To learn more about the paper, read the original paper here.

Squeeze-Excitation Network

Squeeze-Excitation Network

Compared to the NLNet, the Squeeze-Excitation network solves a different problem. While NLNet tries to capture global dependencies between the pixels, SENet tries to capture inter-channel dependencies. The main idea behind SENet is to add parameters in each feature map channel. By doing this the network adaptively learns the weighting of the channels in the feature map.

The SE block takes the feature map as an input. The spatial dimension of the feature map (W x H x C) is first reduced to apply two FC layers. The final vector having the same size as the input feature channel is cast with a sigmoid layer to scale each channel based on its importance.

To learn more about the paper, read the original paper here.

GCNet

The Global Context Network has three main ideas.

The simplified version of the NL block

Simplified Non-local Block: The authors propose a simplified version of the non-local block.

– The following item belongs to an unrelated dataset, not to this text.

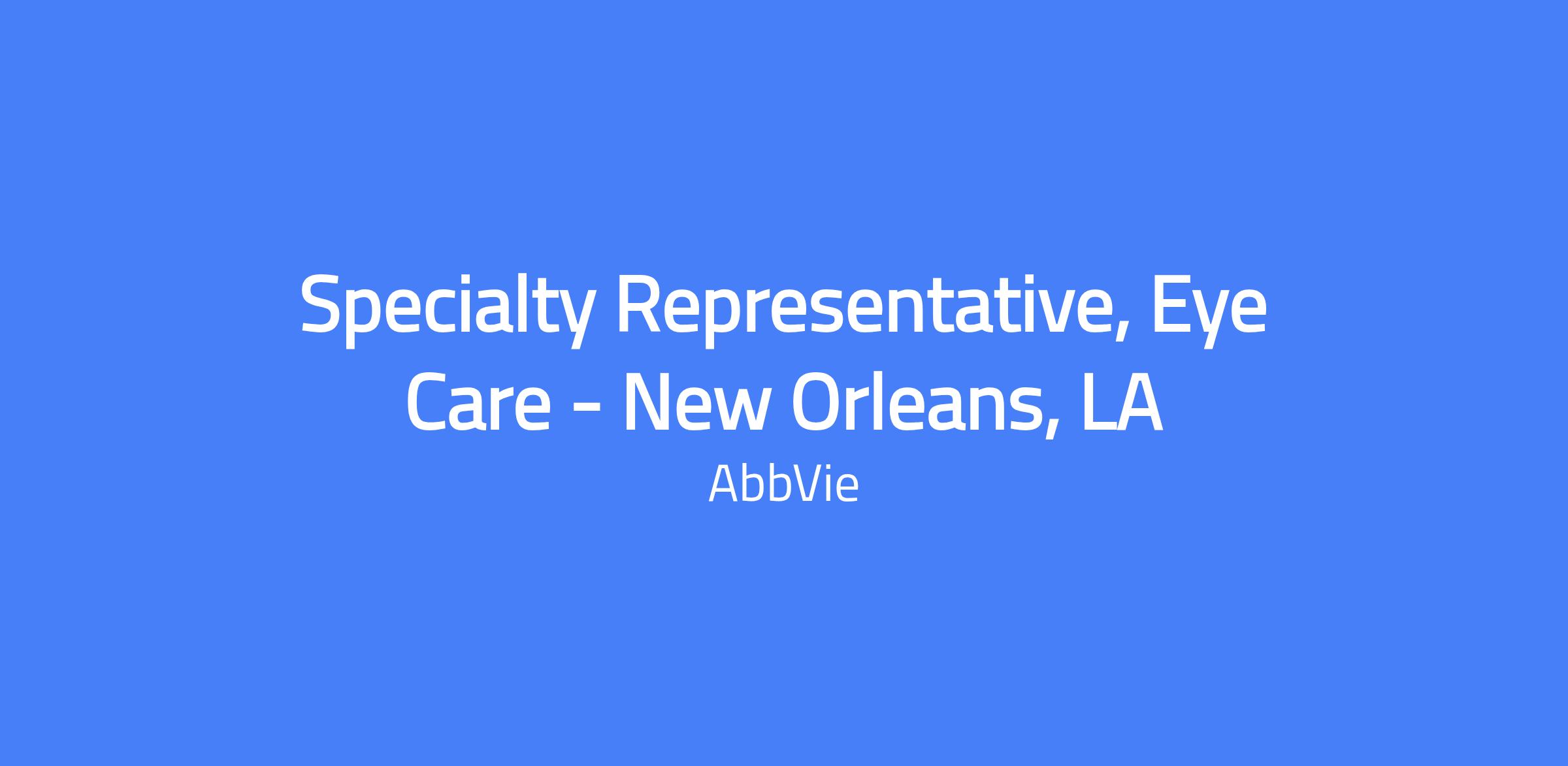 The Specialty Representative, Eye Care role is field-based and based in or near New Orleans, LA. Members will be hired at a level commensurate with experience and will deliver sales performance, manage call plans, build trusted customer relationships, and differentiate AbbVie’s eye care value proposition within their territory.

The simplified version computes a global (query-independent) attention map and shares the attention map for all query positions. This change is made after observing similar attention maps generated in different query positions.

Furthermore, the W_v in the block is moved outside of the attention pooling to reduce the computational cost. The weight W_z is also removed after following the results in the Relation Networks paper.

The architecture of the main blocks

Global Context Modeling Framework: The main block (a in the above figure) used in the Global Context Network can be divided into three procedures: First, a global attention pooling, which adopts 1×1 convolution and a softmax function, is used to obtain the attention weights. Then attention pooling is applied to get the global context features. Once the attention pooling is applied, the output features are transformed via 1×1 convolution, and they are aggregated to add global context features to the features of each position.

Global Context Block: As illustrated in the figure above, the global context block uses a simplified NL block together with the SE block. Some tweaks in the model are made to reduce the number of parameters. For example, in the SE block shown in figure (c), 1×1 convolution is replaced by a bottleneck transformation module. Instead of having CxC parameters, the number is reduced to 2xCxC/r, where r is the bottleneck ratio and C/r is the hidden representation dimension of the bottleneck.

Results

The experiments are performed in object detection and segmentation tasks. Different architecture designs are compared in the table above. The authors observe that adding GC blocks clearly improves the performance of the model.

Also, one thing to note is that the number of parameters/FLOPS does not increase dramatically. This is probably due to the lightweight architectures designed in both the NL block and the SE block.

Conclusion

The paper successfully combines two ideas together to come up with a model that could outperform existing baseline networks. The authors solve the long-range dependency problem by proposing a simplified version of the NL/SE block. By adding only a small number of parameters, the model outperforms existing models on object detection and recognition tasks.